What to produce: Skip the pictures. Quote every line below, exactly, from the one with "47Cute Kipling backpack" through the final line.

──────

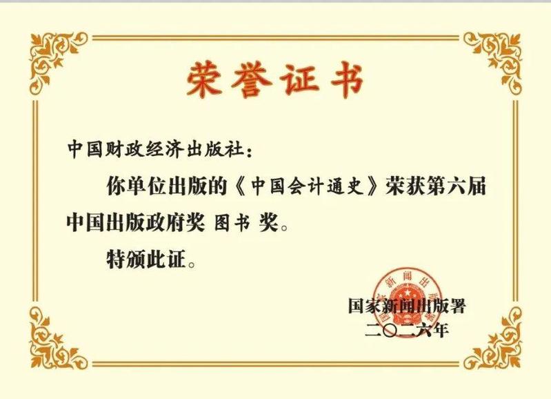 中国出版政府奖是我国新闻出版领域的最高奖项,每三年评选一次。本届全国仅设60个图书奖席位,《中国会计通史》能够脱颖而出,充分彰显了其在学术创新、出版质量与文化传承维度的卓越价值。
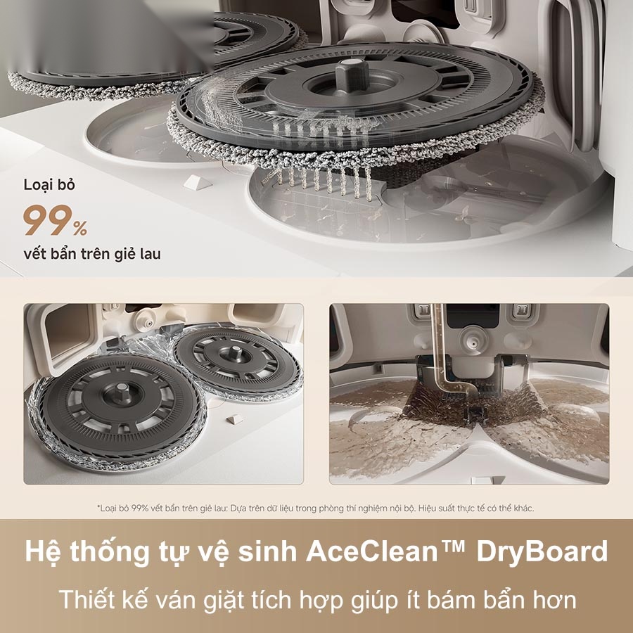 - Tự giặt giẻ lau bằng hệ thống 20 vòi phun áp lực cao, loại bỏ hoàn toàn cặn bẩn còn sót lại.
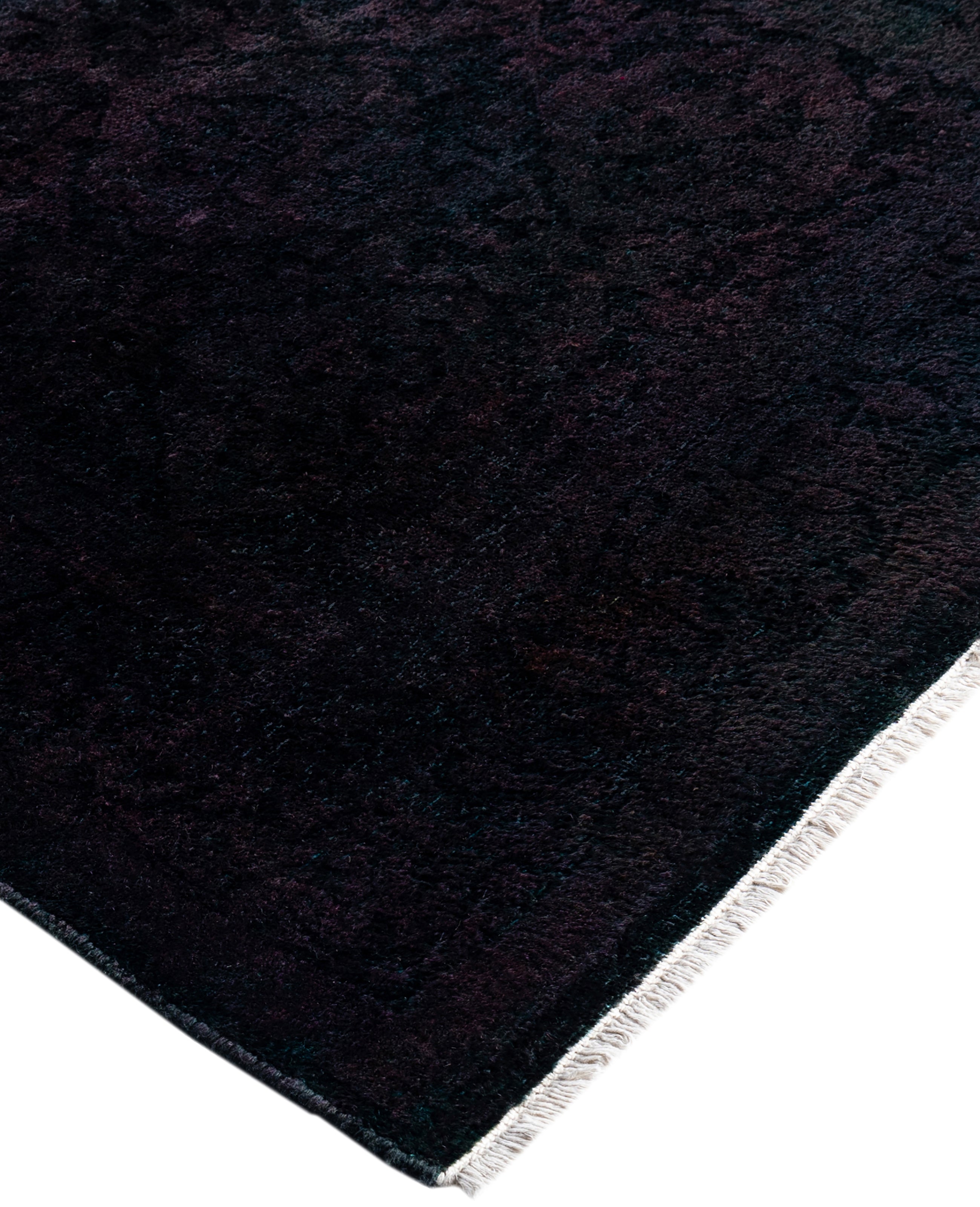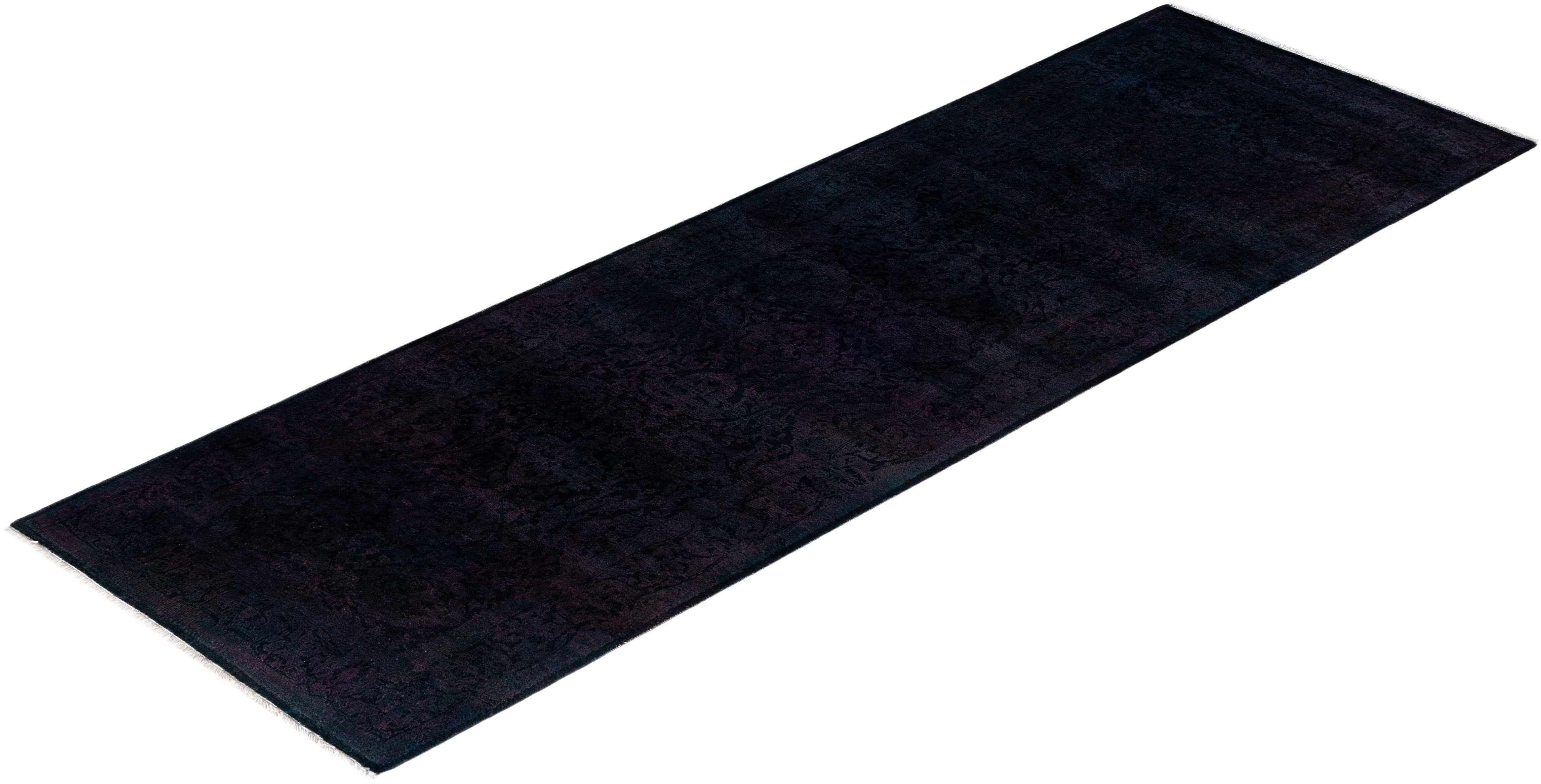 Contemporary Overdyed Wool Hand Knotted Black Runner 2' 7" x 7' 10"
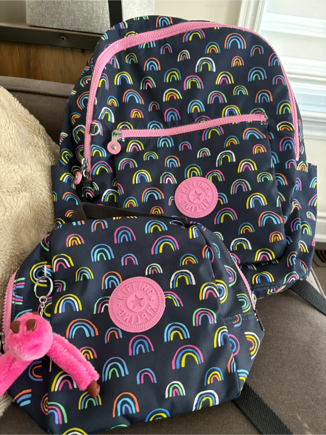 47Cute Kipling backpack and matching lunch bag set! The backpack has a fun rainbow pattern and the Kipling logo. The lunch bag comes with the signature Kipling monkey. Perfect for school or travel!
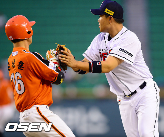 10일 오후 서울 잠실구장에서 열린 2012 팔도 프로야구 두산 베어스와 한화 이글스의 경기 3회초 1사 1,3루 한화 한상훈의 내야땅볼때 두산 오재일 1루수가 타자 한상훈을 태그아웃하고 있다.
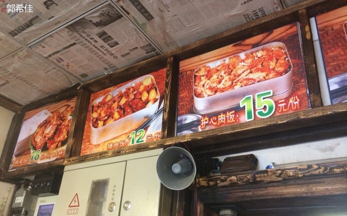 #肥瘦# 12元, 真的肥瘦相间啊,我喜欢这种,油都煮出去了,一点都不腻,拌饭吃,老香了,还不咸,味道刚刚好。就是貌似肉不太够,我吃了全部的肉和,一半的饭,配的酸菜汤,超级酸,算是解腻吧,还有咸菜条。我吃饭不咋配咸菜,喜欢靠吃肉饱。 #护心肉# 15元,全是瘦肉,主要是老公吃,他吃了一次之后,又自己去吃了一次鸡肉饭,是熏鸡的那种感觉的,应该他也认为这家的东西很好吃。 这家也就几种盒饭,价格都在12-18元,经济实惠。
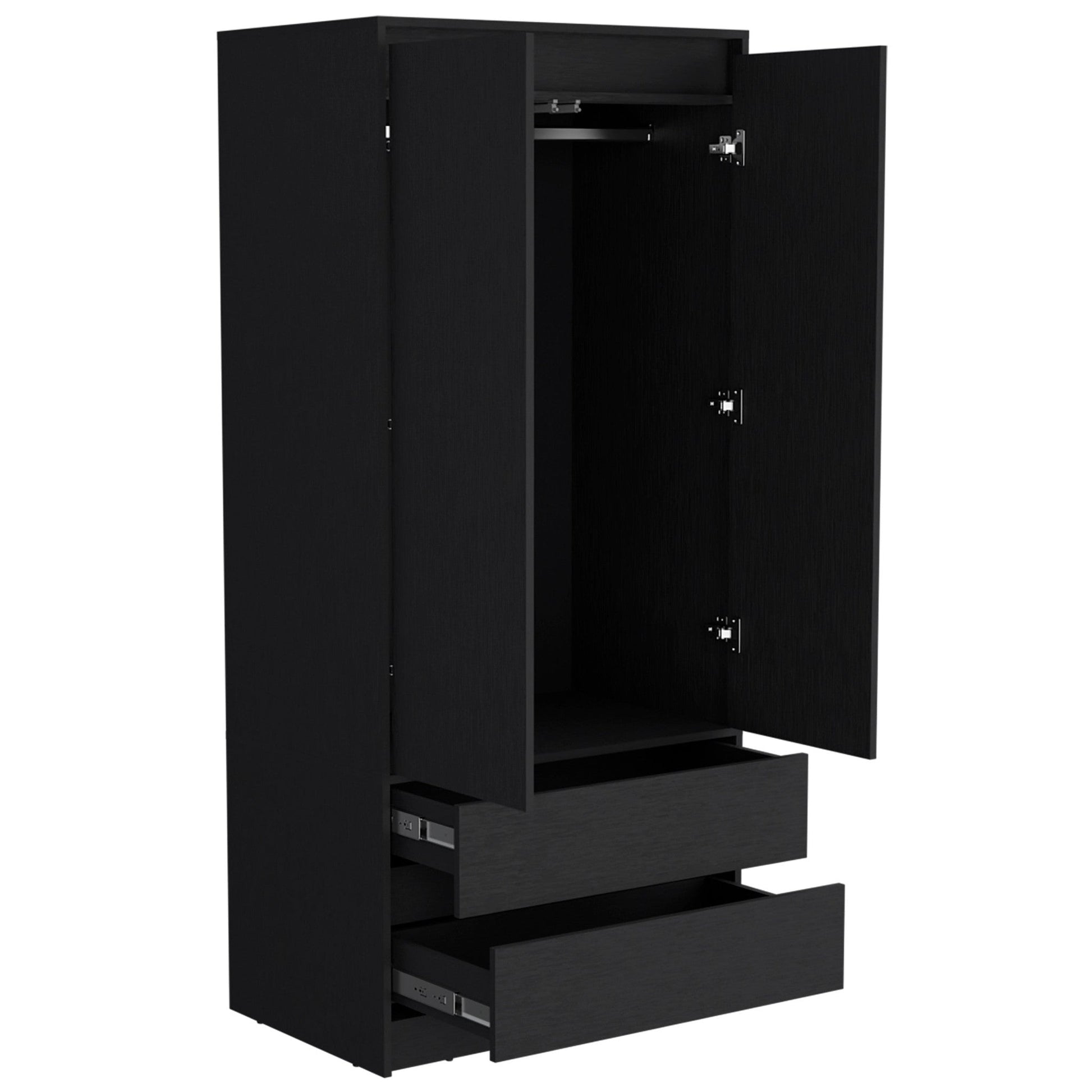 This 32" black two drawer combo dresser is a practical and good looking accent for your bedroom storage and organizational needs. This combo dresser gives you the added bonus of both drawer storage and cabinet storage to accommodate various sizes and types of items. Its a high quality piece, made from high grade manufactured wood. The black coloration of this piece gives it an updated, and modern edge. Removable drawers give this chest flexibility and multi-functionality. 70.87" H x 31.50" W x 20.47" D
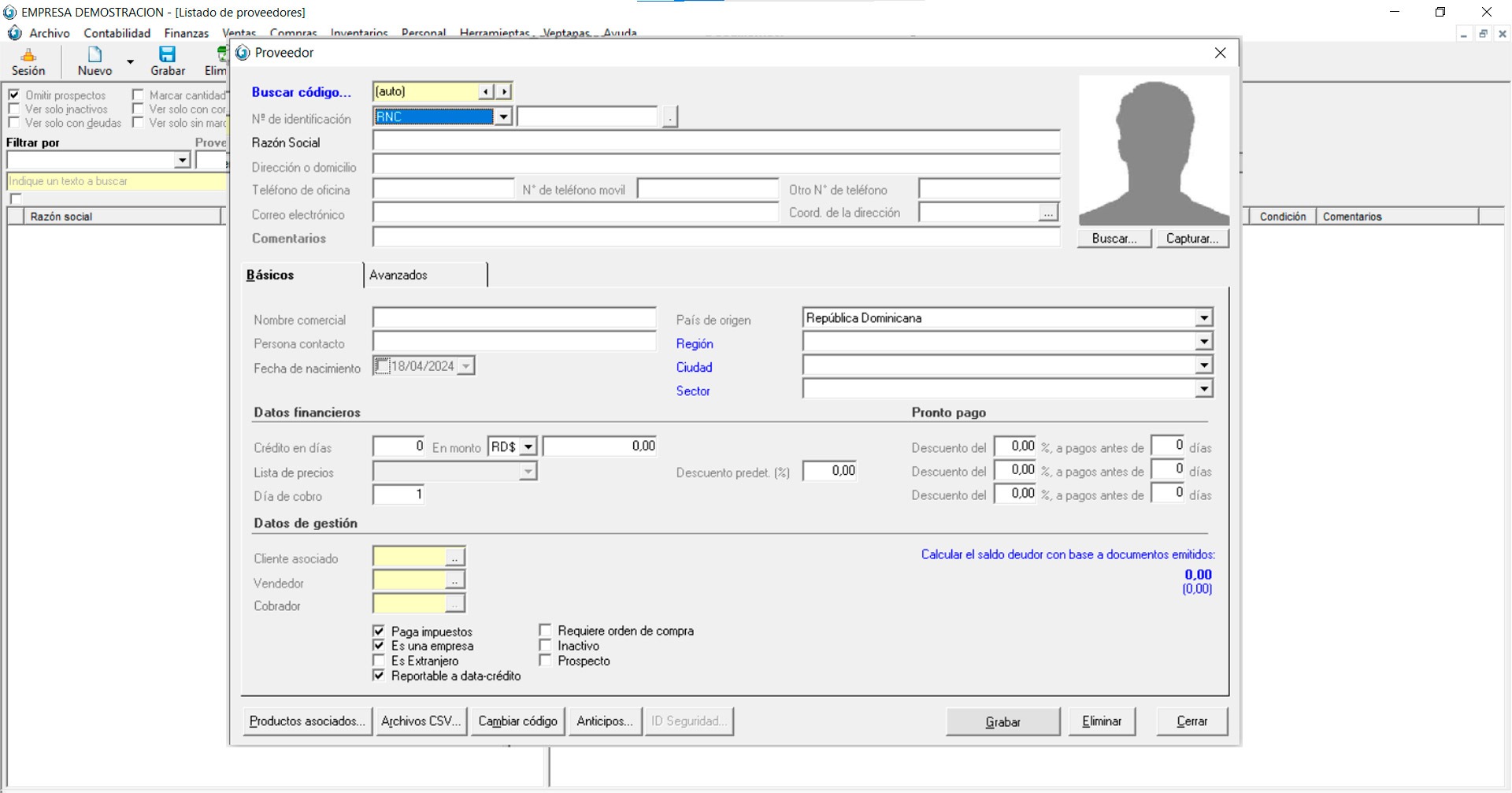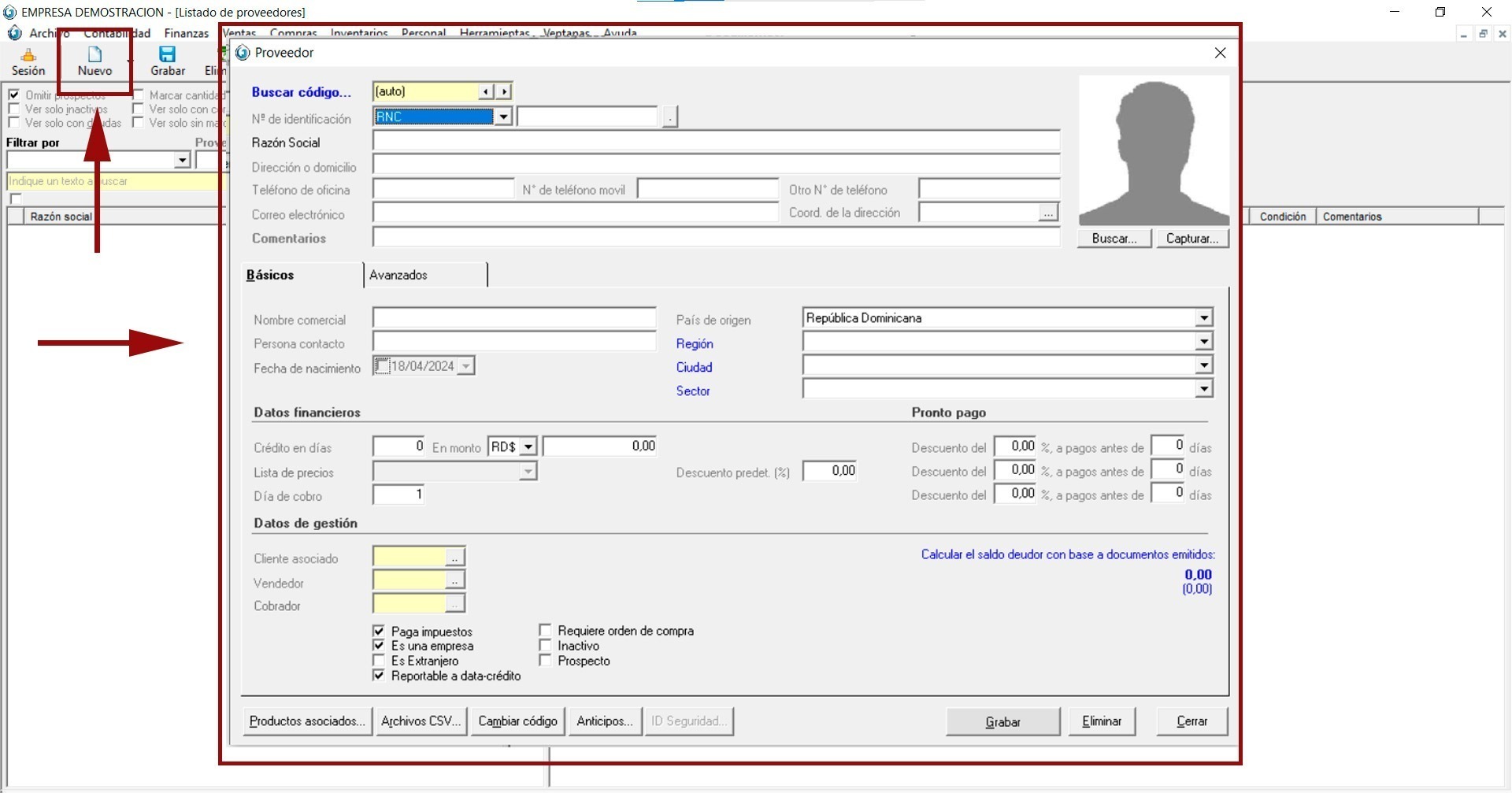 – Hacemos clic en el Menú «NUEVO»> Se abrirá la ficha de creación de proveedores, procedemos a llenar los datos … “REFERENCIA”

──────

Answer space:
 47Cute Kipling backpack and matching lunch bag set! The backpack has a fun rainbow pattern and the Kipling logo. The lunch bag comes with the signature Kipling monkey. Perfect for school or travel!
 10일 오후 서울 잠실구장에서 열린 2012 팔도 프로야구 두산 베어스와 한화 이글스의 경기 3회초 1사 1,3루 한화 한상훈의 내야땅볼때 두산 오재일 1루수가 타자 한상훈을 태그아웃하고 있다.
 #肥瘦# 12元, 真的肥瘦相间啊,我喜欢这种,油都煮出去了,一点都不腻,拌饭吃,老香了,还不咸,味道刚刚好。就是貌似肉不太够,我吃了全部的肉和,一半的饭,配的酸菜汤,超级酸,算是解腻吧,还有咸菜条。我吃饭不咋配咸菜,喜欢靠吃肉饱。 #护心肉# 15元,全是瘦肉,主要是老公吃,他吃了一次之后,又自己去吃了一次鸡肉饭,是熏鸡的那种感觉的,应该他也认为这家的东西很好吃。 这家也就几种盒饭,价格都在12-18元,经济实惠。
 This 32" black two drawer combo dresser is a practical and good looking accent for your bedroom storage and organizational needs. This combo dresser gives you the added bonus of both drawer storage and cabinet storage to accommodate various sizes and types of items. Its a high quality piece, made from high grade manufactured wood. The black coloration of this piece gives it an updated, and modern edge. Removable drawers give this chest flexibility and multi-functionality. 70.87" H x 31.50" W x 20.47" D
 – Hacemos clic en el Menú «NUEVO»> Se abrirá la ficha de creación de proveedores, procedemos a llenar los datos … “REFERENCIA”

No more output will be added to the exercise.